When I asked Paul about his involvement in the Sustainable Fish, this is what he told me.

"When we started, the only fish we bought was local fish. It so turned out that the best fish were caught by hook & line by small local fishermen. So, later one, ten-fifteen years later, everyone jumped on the bandwagon and said, "Oh, local hook and line fish is good and sustainable, " but that was the way we always did. We were slow in expressing the fact that they were Sustainable because that was all we ever bought. We thought that was the only way." (his full interview is here)

So, now I knew about sustainable fish, it made me curious. I knew in Japan, locally hook & line and locally caught fish were considered as premium, so it made me a sense to start using sustainable fish for Breakthrough Sushi.


I looked at the copy of the Seafood Watch Guide and looked at it. It was clear which fish to use based on sustainability, but then, I couldn't figure out why some fish were sustainable while others weren't. For example, Tuna caught in the Indian ocean was not sustainable but was sustainable if it came from the Pacific Ocean?

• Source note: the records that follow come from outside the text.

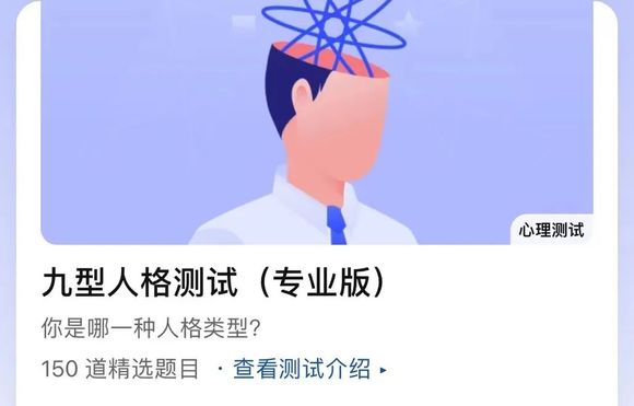 九型人格测试旨在帮助测试者掌握个人行为习惯,通过108个称述,判断人的活跃程度、感兴趣的范围等,从而得出测试者从属于九型人格中的哪一类——完美型、助人型、成就型、艺术型、理智型、疑惑型、活跃型、领袖型、和平型。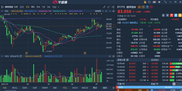 集团未来会在ESG、人材战略、智能自动化、成本控制、风险管理,及市场预测等6个组合内再进一步。为满足锂材料需求日益增加,集团继续在墨西哥、马里及中国青海加快资源布局及建设。于丰城及达洲等地区新建生产基地。并加快项目建设进度,以保持企业成长速度。可于现价83.05元附近吸纳,中长线可见116元,跌穿73元止蚀。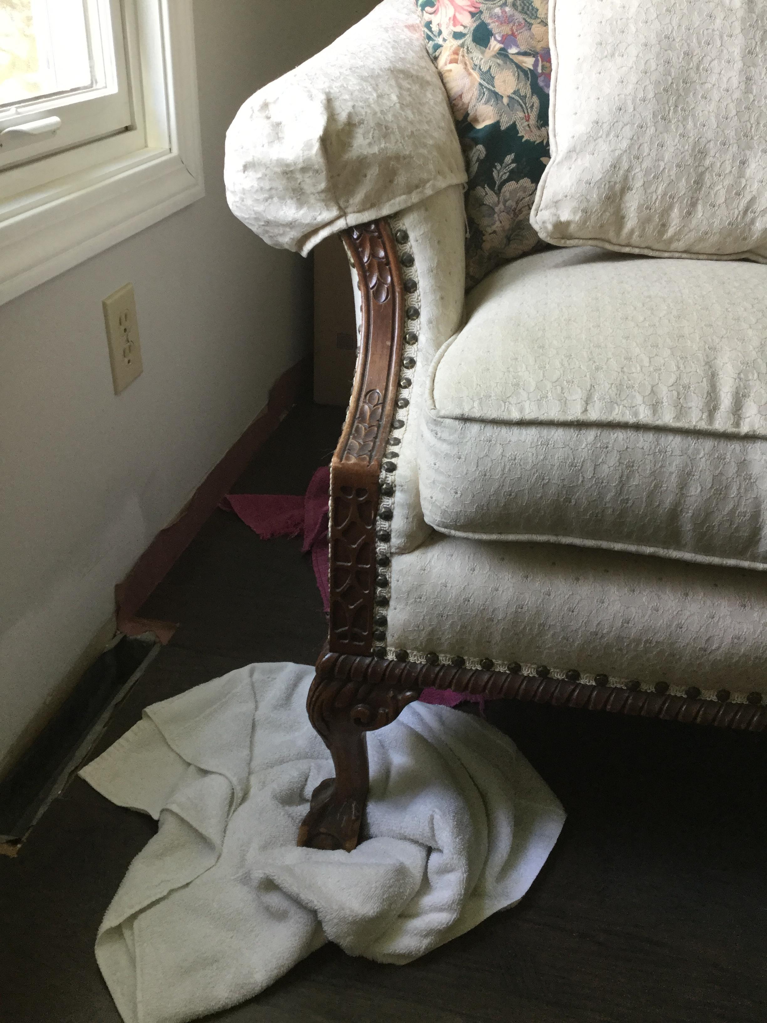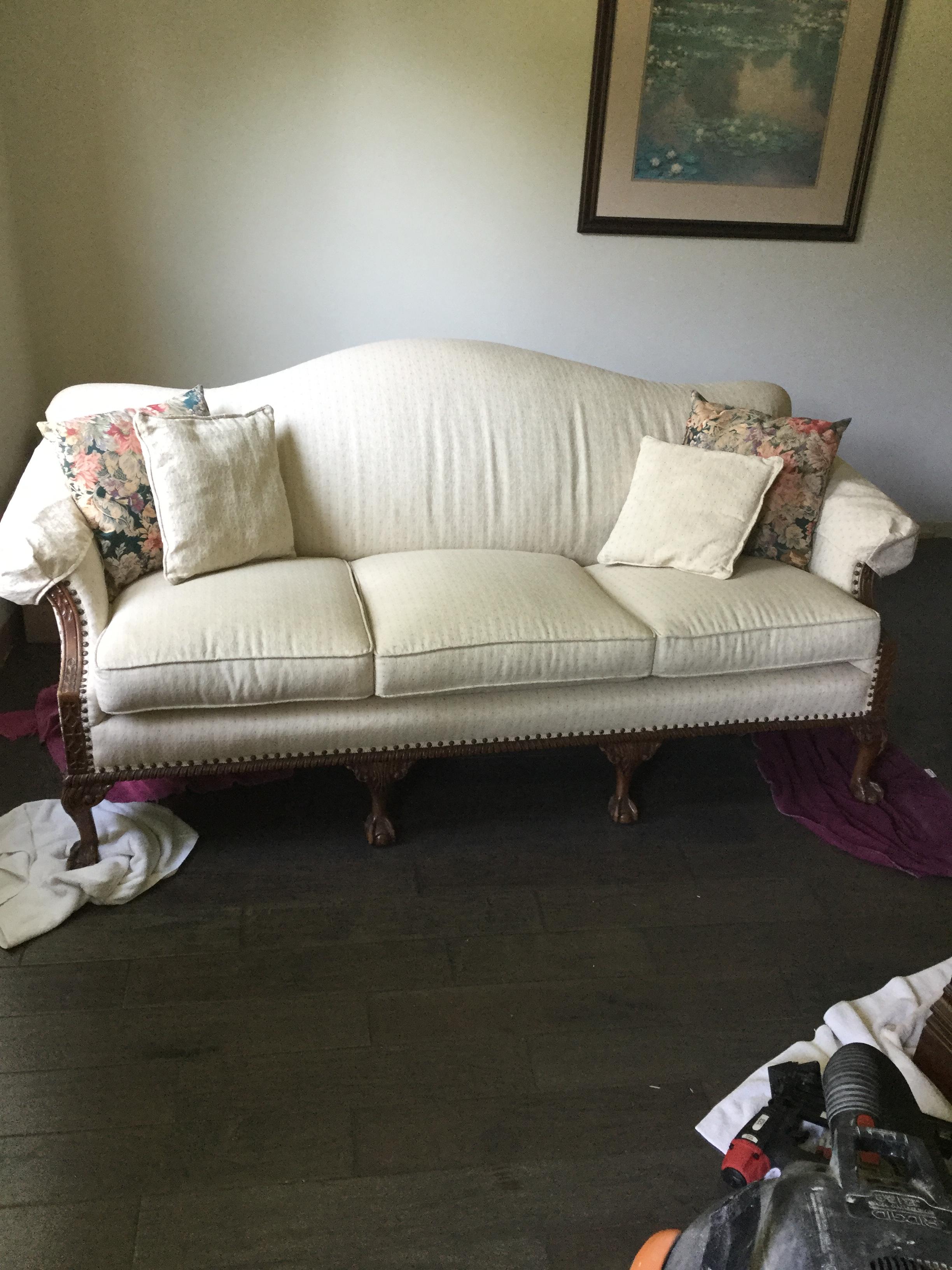Camelback Style sofa with clawed feet. Reupholstered. Not sure of the manufacturer. Looking for an estimated value.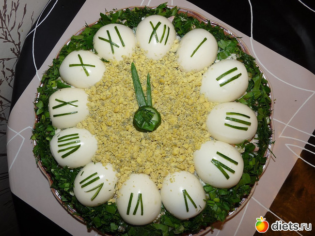 Варим яйца вкрутую, остужаем и очищаем от скорлупы. Разрезаем каждое яйцо вдоль на две половинки и вынимаем желтки. Натираем желтки на мелкой терке. Белки выкладываем по кругу так, чтобы выпуклая сторона была наверху. В центр салата насыпаем измельченные желтки.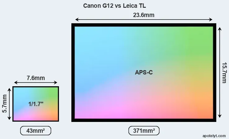 Of the two cameras under consideration, the Canon G12 features a 1/1.7-inch sensor and the Leica TL an APS-C sensor. The sensor area in the TL is 763 percent bigger. As a result of these sensor size differences, the cameras have a format factor of, respectively, 4.6 and 1.5. The sensor in the G12 has a native 4:3 aspect ratio, while the one in the TL offers a 3:2 aspect.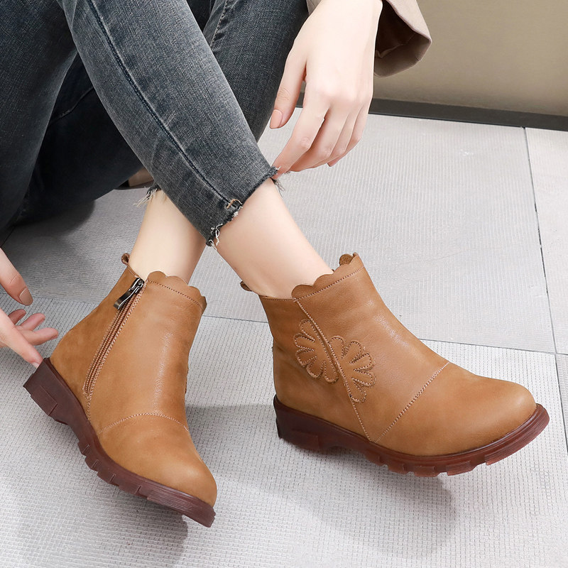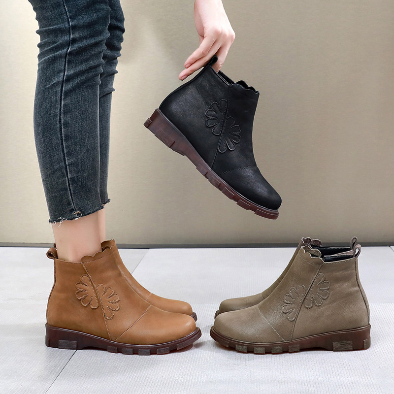 Весенние короткие сапоги, ботинки для матери на платформе, коллекция 2022, из натуральной кожи, мягкая подошва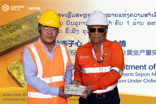 The milestone represents an important achievement for Chifeng Gold’s operations in Lao PDR and reflects the successful recovery, stabilisation, and growth of gold production at Sepon under Chifeng Gold’s ownership. The occasion was formally marked at the Sepon processing plant, where the gold bar representing the 1-million-ounce milestone was presented as a symbol of the Company’s achievement.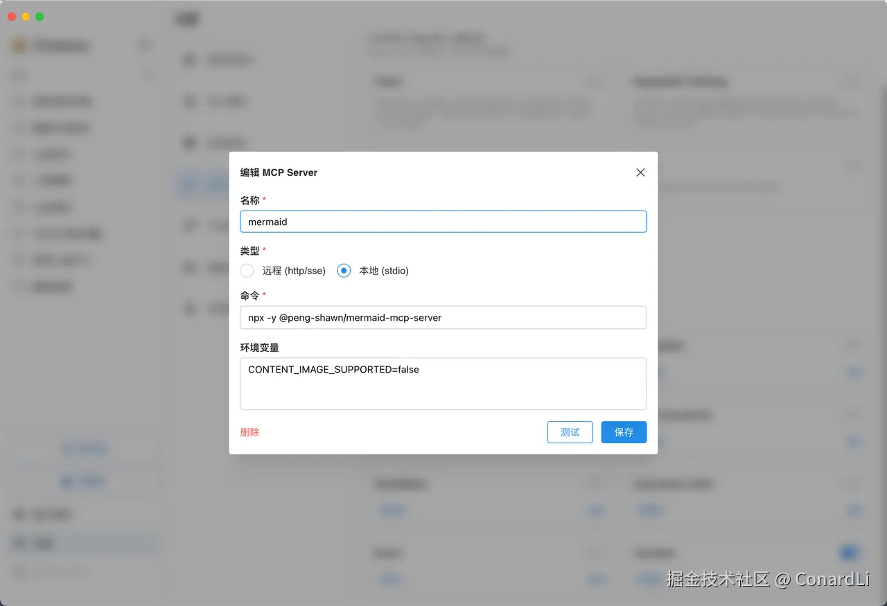 我们先来尝试生成 Mermaid 语法的架构图:首先配置: @peng-shawn/mermaid-mcp-server (输入命令 npx -y @peng-shawn/mermaid-mcp-server) , 然后将环境变量配置为:CONTENT_IMAGE_SUPPORTED=false(将图片文件保存到本地目录)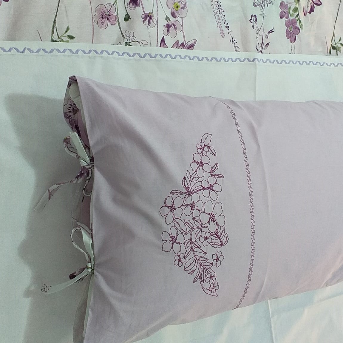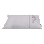 Designul fetei de perna cu broderie florala de culoare mov pe fundal lila, cat si tesatura naturala, fac din aceasta husa una foarte fashion si moderna. Ea iti va aduce aminte de zilele frumoase de primavara, iar astfel te vei bucura de un somn linistit. Materialul pe care l-am ales, bumbacul natural fabricat din planta cu acelasi nume, este un produs non-alergen si poate reprezenta alegerea potrivita de material textil, chiar si pentru copii sau persoanele cu pielea sensibila.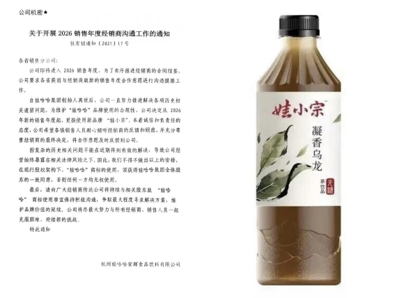 此前,一份《关于开展2026销售年度经销商沟通工作的通知》显示,自娃哈哈集团创始人离世后,公司一直努力推进解决各项历史相关遗留问题,为维护"娃哈哈"品牌使用的合规性,公司决定从2026年新的销售年度起,更换使用新品牌"娃小宗"。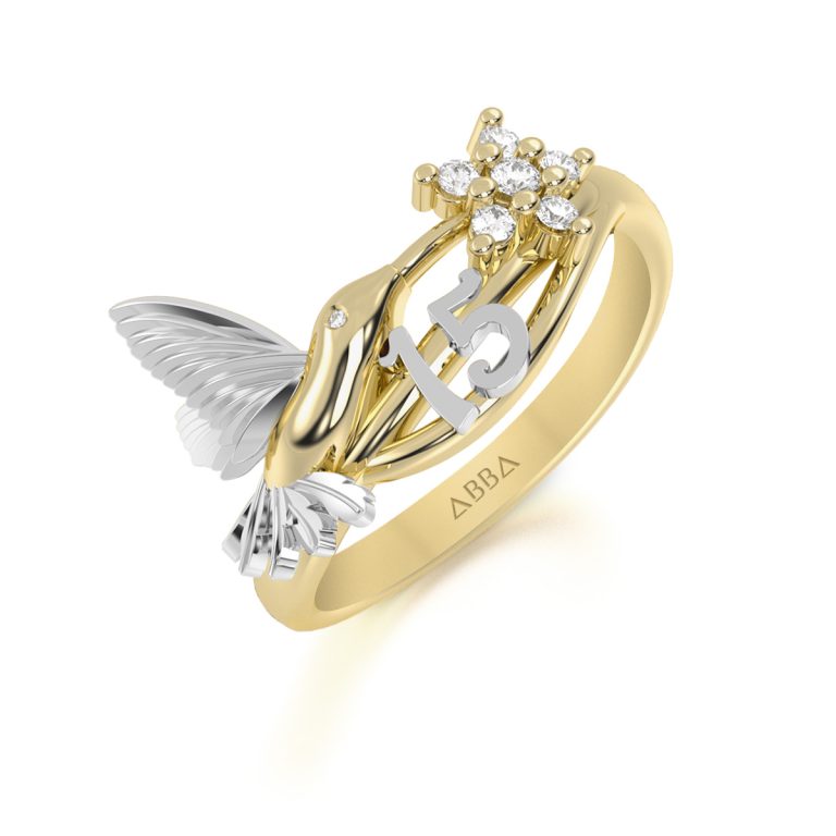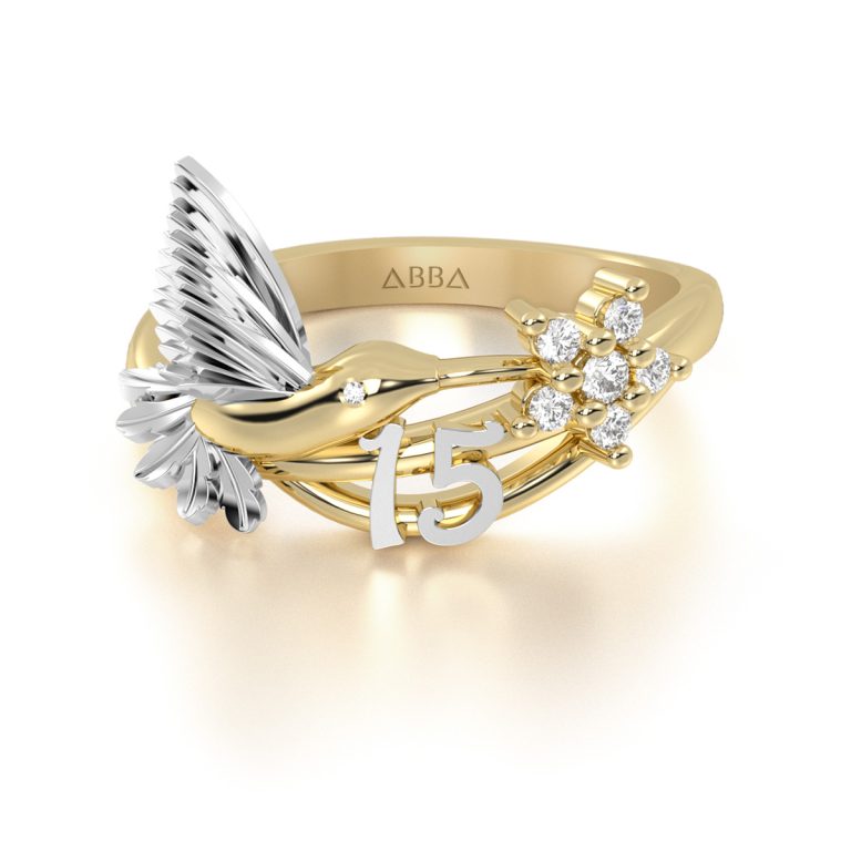 Anillo de 15 Años Oro Colibrí Flor

When using the Seafood Watch guide, there are a few things you need to know about fish. They are:


Whether the fish is wild or farm-raised

If wild, where it was caught

If wild, how it was caught


Then you look at the guide and determine its sustainability.

It's all tricky, right?. To make things more complicated, there are other organizations like Ocean Wise, WWF has a sustainable seafood guide, NOAA Fisheries has an explanation for their definition of what sustainable fish is.



  1. From stocks with healthy populations;

  2. With minimal impact on the marine environment;

  3. In an area with effective, responsive, and responsible management.

To a consumer, I understand this can be confusing.

So, after going through many organization's websites, I came up with a simpler version of what makes fish sustainable.


Now, this is NOT AN OFFICIAL definition.


Sustainable fish is:

  1. For wild fish, not endangered species.

  2. For wild fish, minimum bycatch, or minimize damage to the ocean.

  3. For farm-raised fish, a minimum environment to where the fish is raised.

1. For wild fish, not endangered species.

I hope this is clear to understand. Most of Bluefin Tuna is endangered. So is Unagi, Fresh Water Eel due to overfishing. And the key part is where the fish is caught, because according to the Seafood Watch Guide, at the time of this writing, some of Atlantic Bluefin tuna is sustainable.

2. For wild fish, minimum bycatch, or minimize damage to the ocean.

If you ever heard of "Dolphin safe" tuna, that is what "bycatch" means (technically, not really, but again, I am making this simple.) What it all means is so that we only catch what we intend to catch, or if we end up catching, Dolphin and Tuna release dolphins from the net. Minimum damage to the ocean is something like won't destroy rocks, seaweeds at the bottom of the sea with the fishing net.

3. For farm-raised fish, a minimum environment to where the fish is raised.

This means when you farm-raised Salmon, keep the ocean clean is what it means. Also, it has to do with the "healthy" feed to the fish- something similar to USDA organic standard, where there are no antibiotics and so on.

Well, I hope it made sense to you? Even if it didn't, that is OK. That is what the Seafood Watch Guide is for. All the scientists, researchers, are working hard to update it constantly so that all we need to do is to lookup using the guide.